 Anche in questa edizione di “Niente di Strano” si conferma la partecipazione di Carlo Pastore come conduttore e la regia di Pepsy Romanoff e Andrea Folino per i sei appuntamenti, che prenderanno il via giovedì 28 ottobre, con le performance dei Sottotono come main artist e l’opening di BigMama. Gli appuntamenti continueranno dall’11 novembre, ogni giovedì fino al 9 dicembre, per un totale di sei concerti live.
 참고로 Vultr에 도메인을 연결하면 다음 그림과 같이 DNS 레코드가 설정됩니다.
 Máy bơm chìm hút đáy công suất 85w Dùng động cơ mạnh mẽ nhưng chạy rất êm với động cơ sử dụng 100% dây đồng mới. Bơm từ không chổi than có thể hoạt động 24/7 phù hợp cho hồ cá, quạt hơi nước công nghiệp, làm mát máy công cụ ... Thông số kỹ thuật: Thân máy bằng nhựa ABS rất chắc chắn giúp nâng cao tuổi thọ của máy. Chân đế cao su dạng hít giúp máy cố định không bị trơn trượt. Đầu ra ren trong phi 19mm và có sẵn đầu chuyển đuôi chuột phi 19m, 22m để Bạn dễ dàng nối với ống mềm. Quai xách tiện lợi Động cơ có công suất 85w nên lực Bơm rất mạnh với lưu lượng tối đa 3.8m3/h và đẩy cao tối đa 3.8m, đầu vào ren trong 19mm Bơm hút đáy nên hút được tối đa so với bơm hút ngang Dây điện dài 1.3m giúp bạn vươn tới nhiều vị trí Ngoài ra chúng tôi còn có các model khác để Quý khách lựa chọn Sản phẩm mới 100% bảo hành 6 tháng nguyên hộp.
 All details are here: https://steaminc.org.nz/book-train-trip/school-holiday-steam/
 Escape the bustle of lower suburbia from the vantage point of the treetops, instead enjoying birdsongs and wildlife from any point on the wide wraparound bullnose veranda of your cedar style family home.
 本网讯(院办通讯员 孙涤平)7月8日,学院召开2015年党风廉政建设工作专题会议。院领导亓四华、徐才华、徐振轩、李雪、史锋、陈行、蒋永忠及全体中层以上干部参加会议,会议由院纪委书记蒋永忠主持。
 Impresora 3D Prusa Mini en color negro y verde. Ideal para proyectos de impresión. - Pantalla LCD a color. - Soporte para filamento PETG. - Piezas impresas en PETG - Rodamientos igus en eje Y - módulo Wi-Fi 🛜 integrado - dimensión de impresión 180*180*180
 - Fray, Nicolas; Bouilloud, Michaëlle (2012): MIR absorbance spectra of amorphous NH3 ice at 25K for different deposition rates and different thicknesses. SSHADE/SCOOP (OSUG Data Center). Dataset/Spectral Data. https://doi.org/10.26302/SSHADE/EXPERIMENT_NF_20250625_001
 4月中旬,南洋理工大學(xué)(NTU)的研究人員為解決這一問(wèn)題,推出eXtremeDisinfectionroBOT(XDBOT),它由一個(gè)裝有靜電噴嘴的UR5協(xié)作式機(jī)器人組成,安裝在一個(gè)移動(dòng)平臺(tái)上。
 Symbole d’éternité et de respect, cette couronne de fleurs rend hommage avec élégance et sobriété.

◆ **Your objective**:
Without omitting anything, output the entries exactly.

◆ **Response to this exercise**:
 Anche in questa edizione di “Niente di Strano” si conferma la partecipazione di Carlo Pastore come conduttore e la regia di Pepsy Romanoff e Andrea Folino per i sei appuntamenti, che prenderanno il via giovedì 28 ottobre, con le performance dei Sottotono come main artist e l’opening di BigMama. Gli appuntamenti continueranno dall’11 novembre, ogni giovedì fino al 9 dicembre, per un totale di sei concerti live.
 참고로 Vultr에 도메인을 연결하면 다음 그림과 같이 DNS 레코드가 설정됩니다.
 Máy bơm chìm hút đáy công suất 85w Dùng động cơ mạnh mẽ nhưng chạy rất êm với động cơ sử dụng 100% dây đồng mới. Bơm từ không chổi than có thể hoạt động 24/7 phù hợp cho hồ cá, quạt hơi nước công nghiệp, làm mát máy công cụ ... Thông số kỹ thuật: Thân máy bằng nhựa ABS rất chắc chắn giúp nâng cao tuổi thọ của máy. Chân đế cao su dạng hít giúp máy cố định không bị trơn trượt. Đầu ra ren trong phi 19mm và có sẵn đầu chuyển đuôi chuột phi 19m, 22m để Bạn dễ dàng nối với ống mềm. Quai xách tiện lợi Động cơ có công suất 85w nên lực Bơm rất mạnh với lưu lượng tối đa 3.8m3/h và đẩy cao tối đa 3.8m, đầu vào ren trong 19mm Bơm hút đáy nên hút được tối đa so với bơm hút ngang Dây điện dài 1.3m giúp bạn vươn tới nhiều vị trí Ngoài ra chúng tôi còn có các model khác để Quý khách lựa chọn Sản phẩm mới 100% bảo hành 6 tháng nguyên hộp.
 All details are here: https://steaminc.org.nz/book-train-trip/school-holiday-steam/
 Escape the bustle of lower suburbia from the vantage point of the treetops, instead enjoying birdsongs and wildlife from any point on the wide wraparound bullnose veranda of your cedar style family home.
 本网讯(院办通讯员 孙涤平)7月8日,学院召开2015年党风廉政建设工作专题会议。院领导亓四华、徐才华、徐振轩、李雪、史锋、陈行、蒋永忠及全体中层以上干部参加会议,会议由院纪委书记蒋永忠主持。
 Impresora 3D Prusa Mini en color negro y verde. Ideal para proyectos de impresión. - Pantalla LCD a color. - Soporte para filamento PETG. - Piezas impresas en PETG - Rodamientos igus en eje Y - módulo Wi-Fi 🛜 integrado - dimensión de impresión 180*180*180
 - Fray, Nicolas; Bouilloud, Michaëlle (2012): MIR absorbance spectra of amorphous NH3 ice at 25K for different deposition rates and different thicknesses. SSHADE/SCOOP (OSUG Data Center). Dataset/Spectral Data. https://doi.org/10.26302/SSHADE/EXPERIMENT_NF_20250625_001
 4月中旬,南洋理工大學(xué)(NTU)的研究人員為解決這一問(wèn)題,推出eXtremeDisinfectionroBOT(XDBOT),它由一個(gè)裝有靜電噴嘴的UR5協(xié)作式機(jī)器人組成,安裝在一個(gè)移動(dòng)平臺(tái)上。
 Symbole d’éternité et de respect, cette couronne de fleurs rend hommage avec élégance et sobriété.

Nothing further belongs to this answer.